La fiesta, en si, no comienza hasta que el capitán (el mayor de los jóvenes que entran en quinta) presenta, dirigiéndose al gallo tutelar, desde su caballo, al resto de sus compañeros. Lo hace en verso. A veces, son solo ripios. Pero eso, es lo de menos. Luego de terminada la presentación, le pide a la orquesta (siempre hay, o había, una orquesta que eran unos pocos músicos colocados al lado del camino) que interprete una pieza mientras ellos galopan un buen trecho del camino. De regreso de la primera cabalgada, uno tras otro, los componentes de la quintada, todos a caballo y con espada al cinto, van recitando unas composiciones poéticas llamadas ‘Relaciones’ pidiéndole, cada uno, a los músicos que toquen algo mientras invitan a sus caballos, espoleándolos, a una nueva galopada.

(Por cierto, así nombra, 'relación', su monumental poema, Martín Fierro, el poeta argentino José Hernández“Y atiendan la relación / que hace un gaucho perseguido, / que padre y marido ha sido / empeñoso y diligente, / y sin embargo la gente / lo tiene por un bandido”)

El último en declamar su ‘relación’ es el capitán.

La forma de estas ‘relaciones’ se ajusta a cánones predeterminados: en primer lugar se enumera (hace una relación) la vida del mozo que, éste, quiere destacar; y se reparte el gallo a trozos, simbólicamente, pues el ave sigue vivito y coleando en la cuerda, a pesar de los intentos de cortarle el cuello que, con las espadas, hacen los caballistas; espadas que no saben manejar. En el reparto, las partes mejores se la llevan la madre, el padre y la novia (si la tiene): el corazón (generalmente para la madre), los muslos (al padre)...; y las partes peores se las entregan, imaginariamente, a las personas más detestadas: patas, tripas, plumas...

Las composiciones serán mejores o peores dependiendo del bardo que las escriba. Porque hay, o había, ciertos campesinos a los que se les daba muy bien eso de componer coplas, tanto que muchos mozos acudían, de varios pueblos a la redonda, para solicitar sus servicios poéticos.

Si, a pesar de la escasa natalidad, ha pervivido esta tradicional justa poético/caballeresca, se debe a la incorporación de la mujer a la Fiesta del Gallo, a la Corrida del Gallo: cuando escaseó el número de mozos, las mozas cubrieron el hueco.
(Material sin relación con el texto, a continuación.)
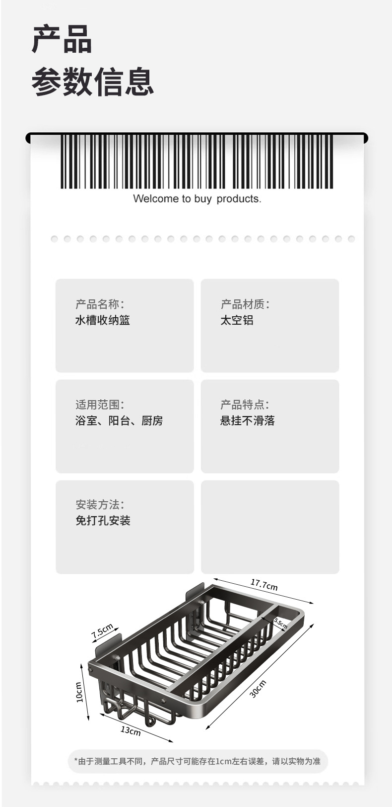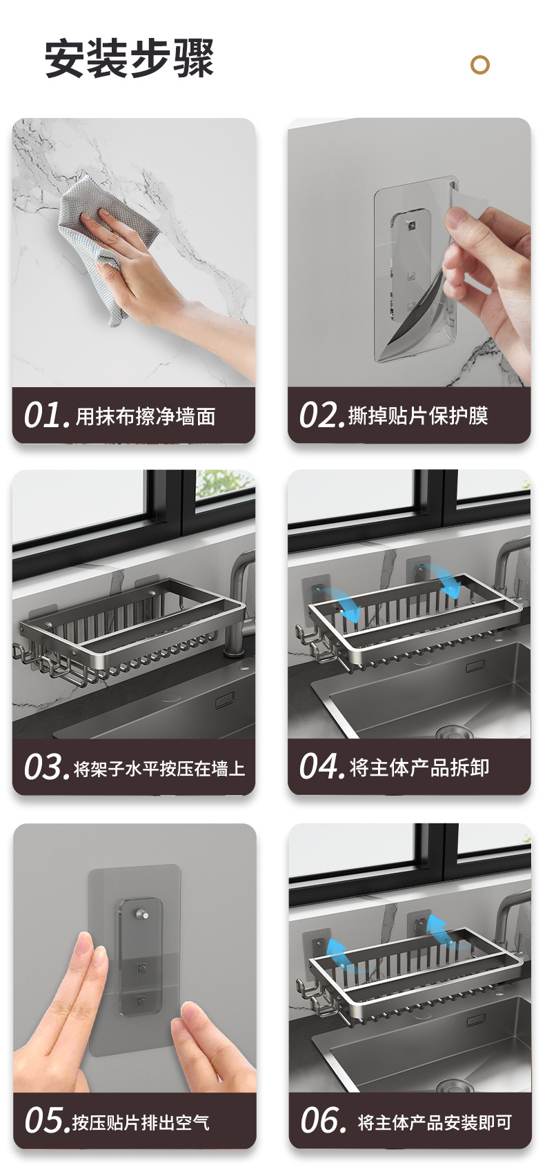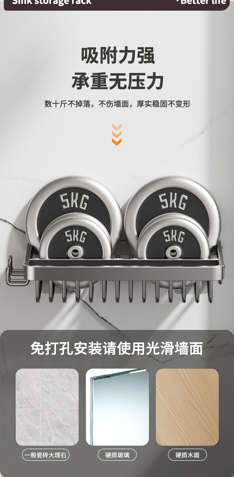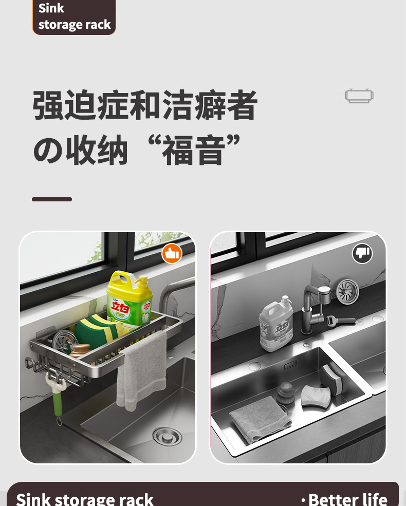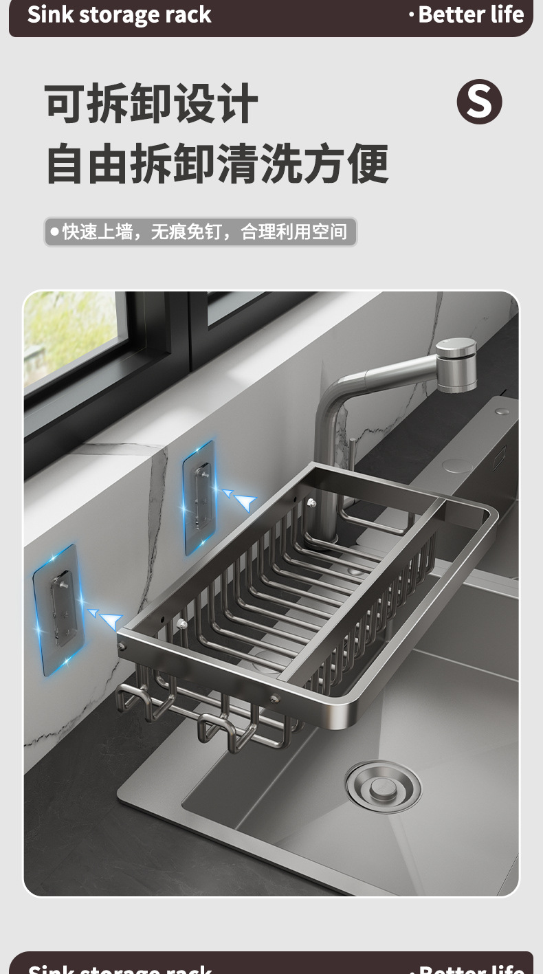 주방 다기능 드레인 랙 벽걸이 싱크대 스토리지 랙 펀치 프리 공간 알루미늄 국경 주방 스토리지 랙스토어 가기
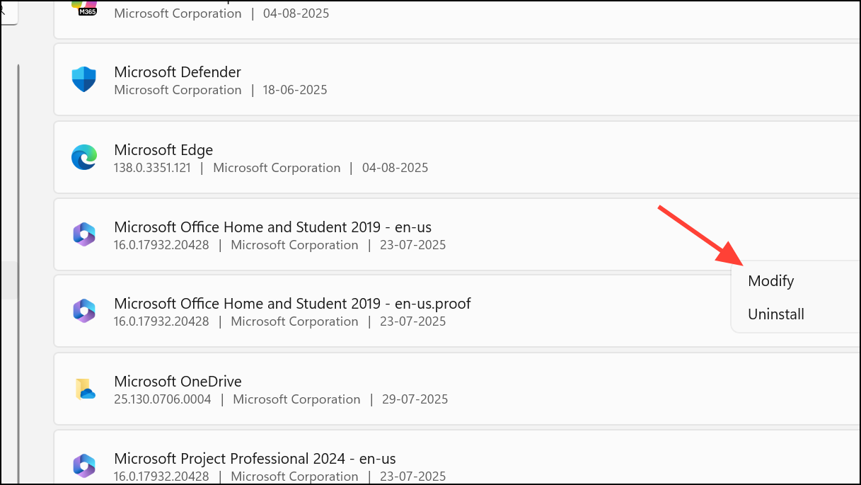 Step 2: Find Microsoft Office in the list. Click the three dots or select Modify.
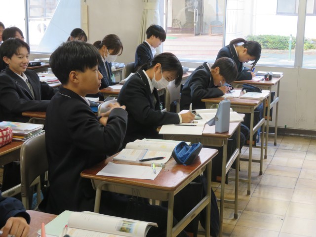 1年生の数学の授業のようすです。「直線について学ぼう」というめあてで学習を進めていました。小学校で学んだことを確認しながら、数学の用語や記号を学びました。平面図形の基礎をしっかりと身につけていきましょう!
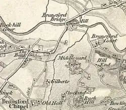 The origins of the name 'Bransford' are uncertain, but it is believed to mean 'hill-top ford' or 'ford at Bragen'. This is derived from 'braegen', old English for crown of the head or topographically a hill and then 'ford'.[4] In Domesday Book, Bransford was called Bradnesforde and included information about Urso from the Pershore Church and mill.[5] Bransford was home to Wulstan de Bransford, the Bishop of Worcester from 1338 to 1349.[6] Following the Poor Law Amendment Act 1834 Bransford Parish ceased to be responsible for maintaining the poor in its parish, a responsibility transferred to Martley Poor Law Union.[7] In the 1870s, Bransford was described as

Y es que, en este terreno, como en otros, la mujer ha metido la cabeza para no volverla a sacar. Se venían de los más alejados núcleos de población, hasta el pueblo de sus padres, para participar en este festejo de origen iniciático. Con todo, hay que decirlo, el abandono del campo sigue goteando, es continuo el derrame; hay años que no se puede realizar esta celebración porque tan solo hay un mozo o una moza o nadie... Por eso decimos que es urgente que se recojan en libros estas fiestas... Que se publique el mayor número de ‘relaciones’... Para ello hay que hurgar en la memoria de las gentes... A lo mejor, tal vez, ya se ha hecho... Nosotros lo ignoramos...

Eso sí, en otro post, lo prometemos, escribiremos una relación hecha por nosotros en octavas reales como lo hizo José Hernández en su Martín Fierro.